Nella letteratura scientifica l’idrogeno è l’elemento più leggero e abbondante nell’universo, ed è per definizione tra le fonti di energia più pulite in grado di fornire carburante per le auto, calore per le case e immagazzinare elettricità. Nessuno Stato però, ricorda il Financial Times nel suo articolo, è mai riuscito a realizzare un progetto a lungo termine con esso, per diversi motivi: gli alti costi di produzione rispetto alla combustione di combustibili fossili, gli ostacoli nel trasporto del carburante, la mancanza di domanda e l’incapacità della cella a combustione a idrogeno di competere con i motori a combustione interna o le batterie agli ioni di litio nei veicoli elettrici.

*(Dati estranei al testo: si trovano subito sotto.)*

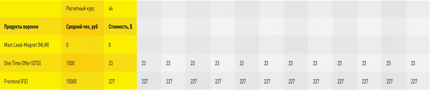 Начнем с того, что внесем платные продукты линейки, которые учтены в вашей автоворонке продаж. В данном случае это одноразовое предложение и передовой продукт. В таблице я указал стоимость в рублях, проставил расчетный курс и перевел стоимость обоих продуктов в доллары США. Стоимость продуктов неизменна, и мы дублируем ее на 12 месяцев. Далее все цифры в таблице я считаю в долларах.
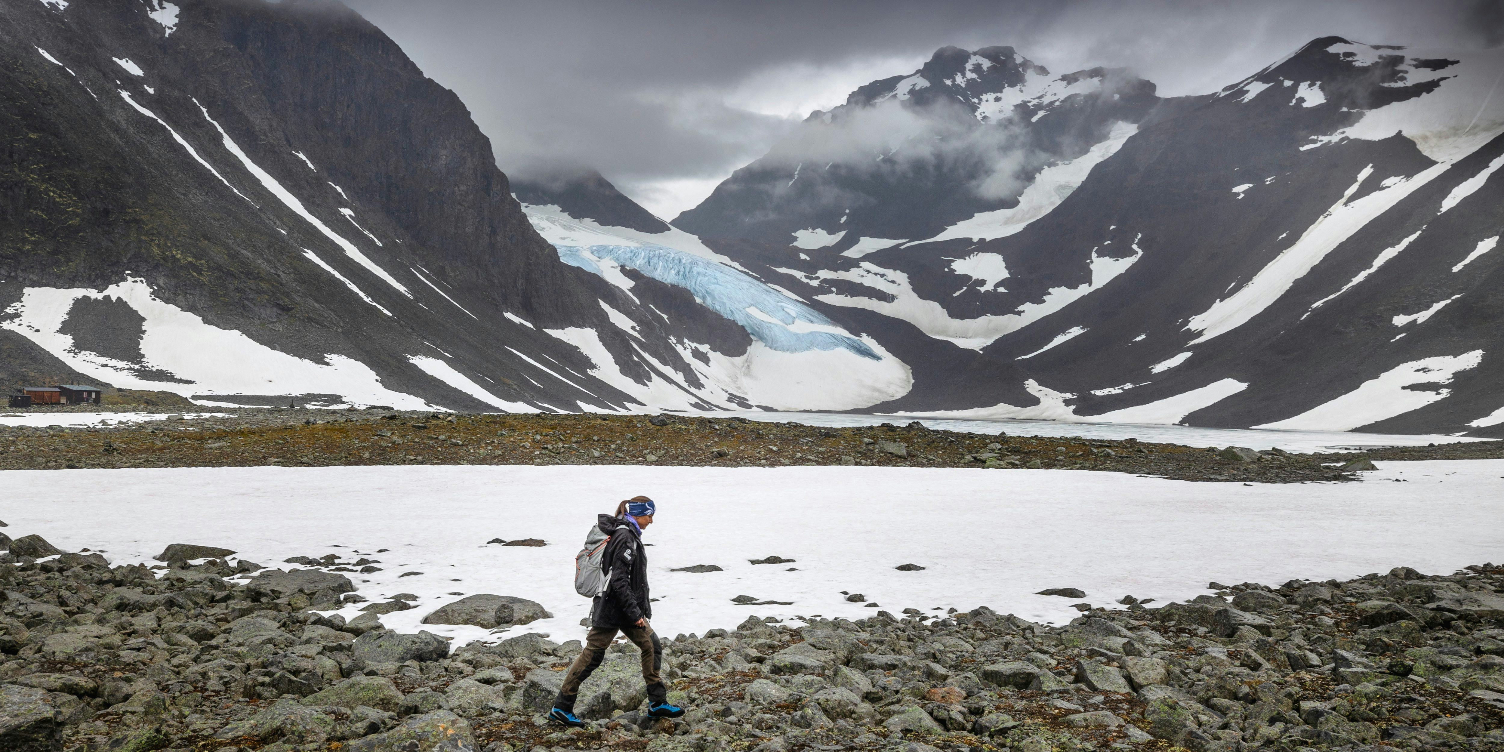 Nina Kirchner, ansvarig för glaciärforskningen i Tarfala, ser tydligt hur glaciärerna krymper. ”Det är den långsiktiga trenden, både här och globalt.”

Detto questo, le aziende coinvolte credono che la loro idea possa diventare un catalizzatore verso la creazione di un’economia globale dell’idrogeno, che dovrebbe valere fino a 11 trilioni di dollari entro il 2050, secondo la Bank of America.
L’impianto nella valle del Latrobe è comunque solo uno dei numerosi megaprogetti sull’idrogeno in fase di pianificazione. Si contano infatti altri grandi attori, come l’Arabia Saudita, la Cina e perfino la Spagna, interessati a questo elemento.
C’è chi ancora nutre, tuttavia, molto scetticismo nei confronti di una transizione energetica verso l’idrogeno. Il co-fondatore di Tesla Elon Musk, per esempio, ha liquidato le celle a combustibile a idrogeno come «incredibilmente stupide», dicendo che è inefficiente usarle in un’auto rispetto a una batteria agli ioni di litio che si ricarica direttamente da un pannello solare. Altri critici si chiedono invece se la produzione di idrogeno da combustibili fossili possa mai essere resa efficiente in termini di costi o inquinamento, dato che l’industria finora non è riuscita a dimostrarlo in una tesi scientifica.
L’accordo di Parigi sui cambiamenti climatici sta comunque guidando gli investimenti nell’idrogeno, mentre le nazioni si preparano a rispettare i loro impegni per ridurre le emissioni di gas serra. La BP plc e il gruppo danese per l’energia eolica Orsted hanno annunciato i piani per un progetto di idrogeno in Germania, mentre Airbus ha recentemente svelato i piani per gli aerei passeggeri alimentati a idrogeno.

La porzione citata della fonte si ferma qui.